“Fall back!” Rose called to their soldiers. “Get behind us!”
Rowena rushed to meet them. “Finish them!” she shouted, calling down her own jagged lightning. “Every single one!”
Wren flexed her fingers.
“No!” said Rose, grabbing her wrist. “We’ll push them back to the river. Block them off at the bridge. That will give us time to tend to the injured. There must be hundreds of healers among us now.”
Rowena curled her lip. “All this new power and you’re still gutless.”
Rose shoved her aside. “Move.”
Wren shot a warning look at Rowena as she marched after her sister.
Many of the Arrows were fleeing now, but a foolish hundred or so were still pushing forward, trying to breach the golden gates. To Wren’s surprise, they swung open, as though to welcome them.
Rose whipped her head around. “The gates have been breached!”
“Not breached,” said Wren uneasily. “They’ve been opened, Rose. I think we’ve been betrayed.”
Wren hoped she was mistaken, but as they made their way toward the palace, her worry only grew. Inside the courtyard, some of the guards had turned their swords on the witches. And, worse than that, Captain Davers was standing at the gates, ushering more Arrows inside.

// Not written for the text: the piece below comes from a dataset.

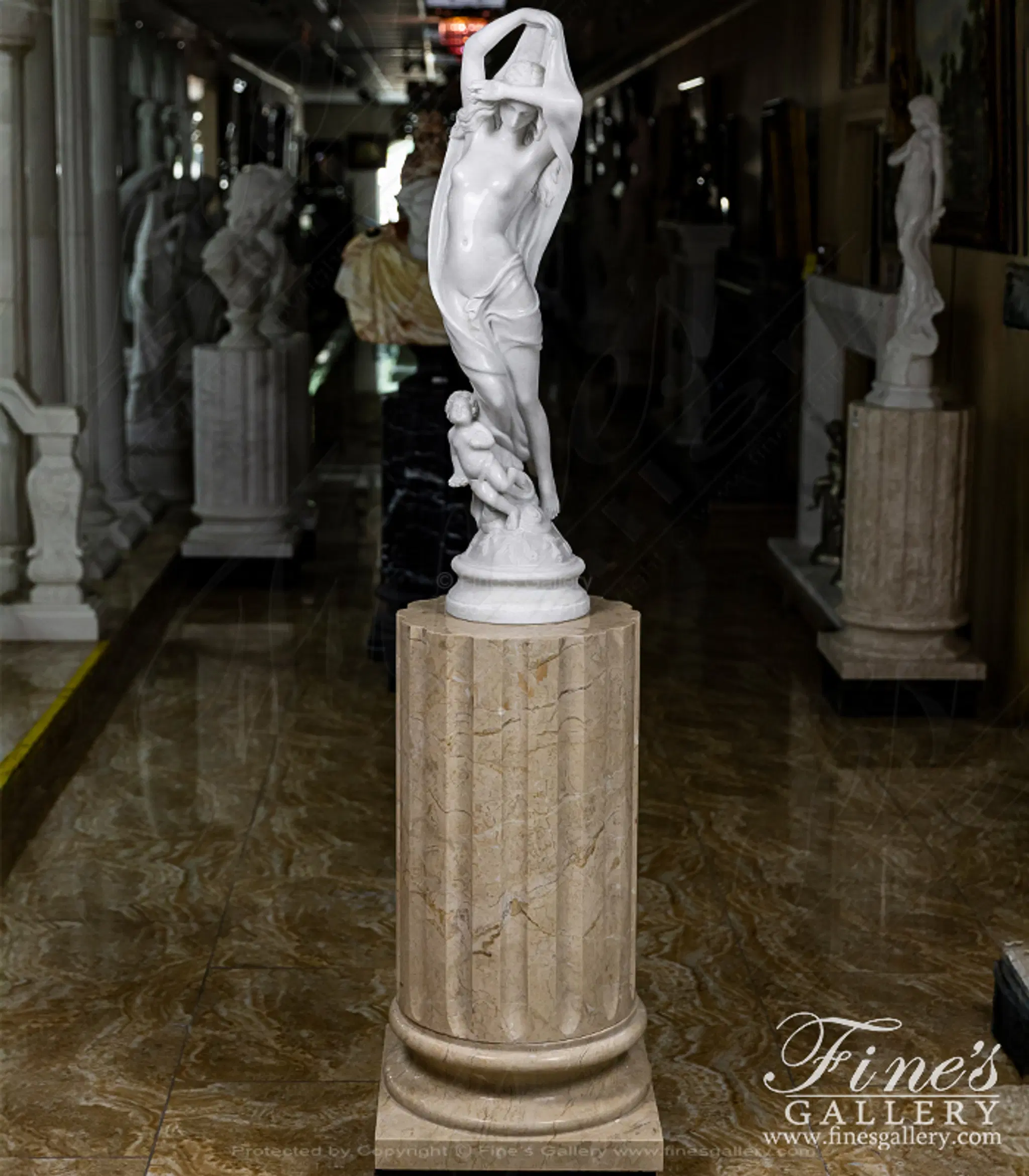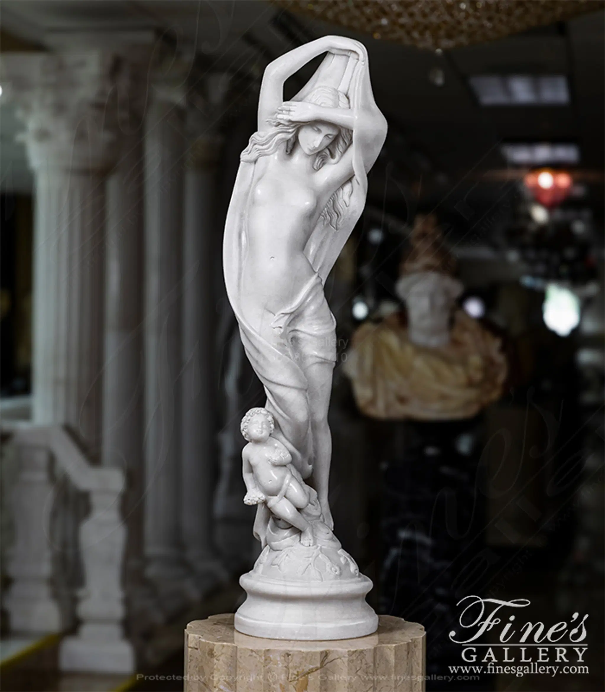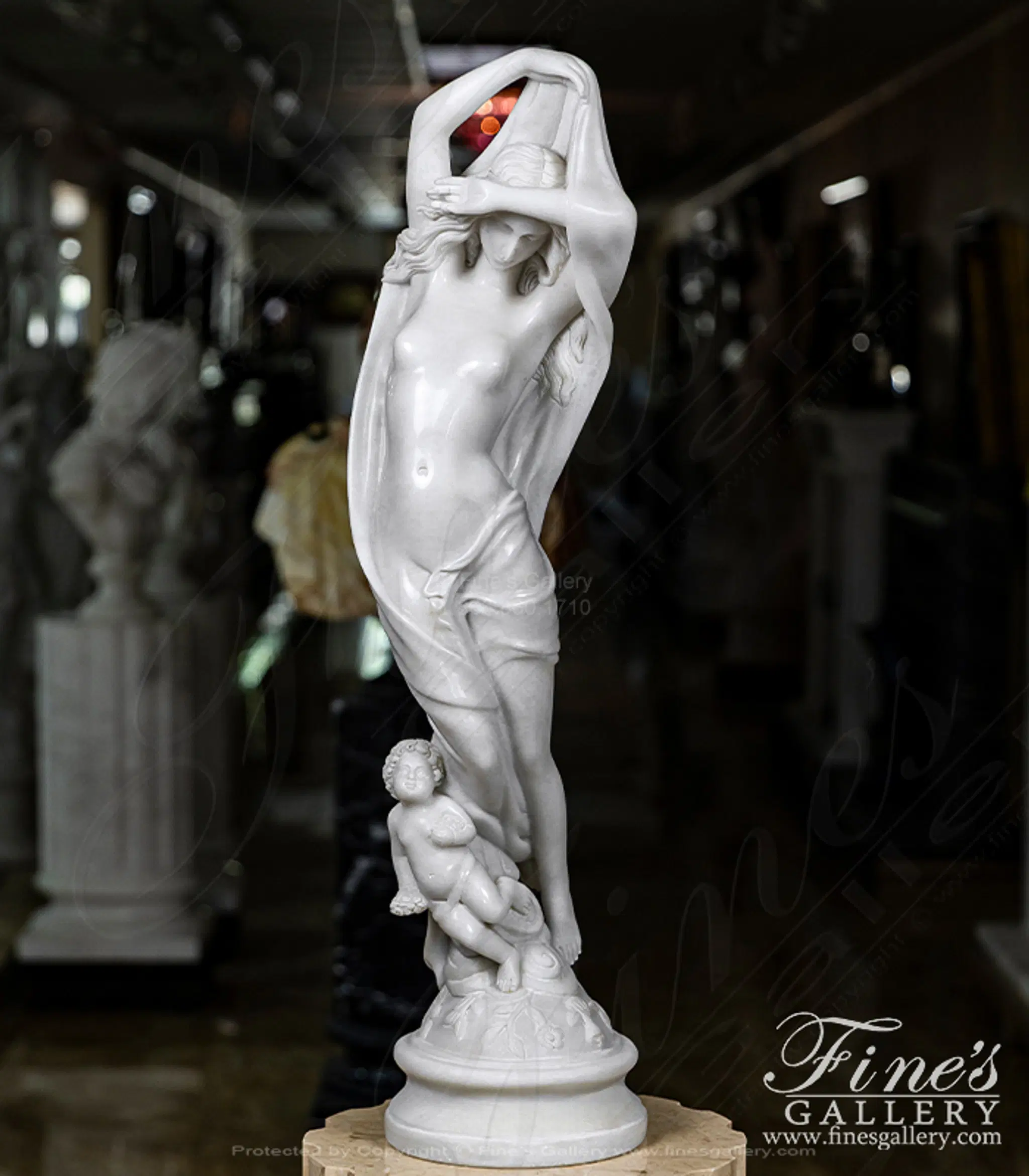 Graceful Half Nude Woman and Child Statue in Polished Statuary Marble - MS-1631 (View 2)

Wren broke into a run. “You filthy traitor! I’ll have your head for this!”
“Wren, the children!” Rose pointed to the rose garden, where a group of young witches were cowering behind Celeste, who was wildly swinging a long sword at anyone who dared come near them.
“Seize them!” shouted Captain Davers. “Take out as many witches as you can!”
To Wren’s mounting horror, more guards turned on the witches, but whether it was from fear of their newfound power or some pre-concocted plan, she didn’t know. Before Rowena could cast a deadly strike, Davers knocked her out with the hilt of his sword. Grady and Cathal went down next, while Tilda ducked to narrowly avoid a flying axe. Even with the witches’ restored powers, they were hopelessly outnumbered.
By the garden, Thea had commandeered a sword and had managed to reach Celeste, but they were under siege, both of them struggling to protect the young witches in their charge. Wren and Rose split up by the fountain, Rose rushing to help the children, while Wren went after Davers, who, in the absence of Edgar Barron, had assumed the role of traitorous ringleader. Wren had never liked the man, and now she knew why.
The Captain of the Anadawn Guard was expecting her. They met by the ramparts, where he raised his shield, blocking her tempest magic while twelve of his best soldiers surrounded him. Traitors, every last one of them. But Wren kept her eyes on Davers.
It was like Banba always said. Take out the leader, and the rest will fall.
“No wonder Barron made it so far with a turncoat like you to help him,” hissed Wren.
Davers jabbed his sword, pressing her back against the ramparts. Wren flexed her fingers, willing her warrior strand to kick in so she could swipe it from him. “The old ways were working just fine,” he said, as though this was a conversation and not a fight to the death.“Anadawn was safe. Peaceful.”
“Not for us,” said Wren, slinging another ball of wind.
Davers ducked to avoid it. “Barron is right. No one should have this much power. It’s not natural. It’s not right.”
Wren’s fists crackled. “If you truly cared about what’s right, you would have given us a chance to rule.”
He made a noise of derision. “How can you rule a kingdom when you can’t even control the guests in your own palace?”
Wren raised her fist, but when she looked up to summon a bolt of lightning, she found herself pinned by a familiar seething gaze. She barely had time to think before Edgar Barron leaped from the ramparts and came down on her like a ton of bricks. Wren collapsed underneath him, her head connecting with the stone ground in a sickening crack.
Stars swarmed her vision, and for a brief, crucial moment, she slipped from consciousness. When she came to, she was limp on her feet, with a dirty rag stuffed in her mouth. Barron held her hands behind her back as he dragged her across the courtyard. The Arrows parted around them, clearing a pathway to the fountain.
“Here’s a tip from me to you,” Barron hissed in her ear. “When you attack an enemy,alwaysmake sure you finish the job.”
Wren spat the rag from her mouth, but her head was swimming and she couldn’t think straight, let alone summon a morsel of magic. She struggled feebly as she was shoved into the fountain. As death lapped at her knees, Wren was dimly aware of her sister shouting her name. Celeste was screaming. And Thea, too. But no one came to help her.
They were all going to die here, on the precipice of possibility, the last of the witches lost to the pages of a soon-to-be forgotten history.
Wren scrabbled backward in the fountain, cold water lacing herchest as she tried to escape from Barron’s grasp. But he crawled in after her, his blue eyes alight with violence.